A NEURAL NETWORK APPROACH

D. MATEI*, B. DOICIN, D. L. CURSARU Petroleum-Gas University of Ploieşti, Romania

A Pd/SBA-15 catalyst with 1% Pd was prepared by impregnation method. The catalyst was characterized by X-ray diffraction, N2 adsorption-desorption, thermogravimetric analyses. For this study the artificial neural network was used to identify the optimum parameters in the case of Pd/SBA-15 catalyst for the production of hydrogen by catalytic reforming of ethanol. Specifically the neural network was used to determine the optimum conditions for obtaining maximum hydrogen production.

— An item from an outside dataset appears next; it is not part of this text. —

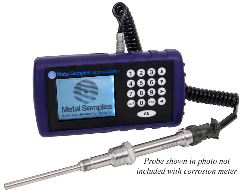
Probe shown in photo not included with corrosion meter

After taking a reading, the instrument displays metal loss in mils and corrosion rate in mils per year (mpy). The reading can then be stored to memory or discarded. All stored readings are automatically time and date stamped. Readings are stored to non-volatile Flash memory which retains data without the need for a battery backup.

(Received March 2, 2016; Accepted April 25, 2016)

Keywords:SBA-15, Catalyst, Mesoporous, Neural network

1. Introduction

Alcohols, like ethanol and methanol are considered as potential carriers of hydrogen by different techniques for use in fuel cells application. Polymer electrolyte fuel cells are considered for applications as power supplies for vehicles and small generators, pointing same advantages as compact size, easy start-up and shut down and high power density [1]. From non-fossil feedstock, such as ethanol, methanol and so on, ethanol has several advantages as chemical H2 source for fuel cells thanks to its storage facilities, handling and transport safety [2] but on the other hand, vegetable oils have remarkable lubrication properties, high flash point, very high biodegradability and are renewable [3].

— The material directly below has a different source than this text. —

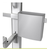
Rail Mounted Chart Holder VPA-CH-HLD
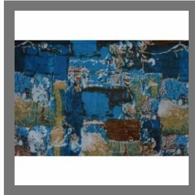
Printed Cotton Fabric

In spite of the apparent simplicity of the stoichiometry reaction for maximum hydrogen production C2H5OH+H20→6H2+2CO2, ethanol steam reforming for hydrogen production involves a complex reaction system, where several products can be obtained such as CO, CO2, CH4, ethylene, acetaldeldehyde and hydrogen. Therefore the production of hydrogen is affected by many undesirable side reactions which involves first off all the properties of the catalysts used [4].

Noble, metal-supported catalysts have exhibited catalytic ability in steam reforming process. Supported palladium catalysts have been shown to have excellent activity toward oxidation and PdO is considered the active species [5,6]. Recently, mesoporous silica SBA-15 which has a highly ordered hexagonal structure with high surface area (500-1000 m2g-1) and wall thickness of 3.1-6.4 nm has attracted wide attention as a new material for catalysts and especially as catalyst supports.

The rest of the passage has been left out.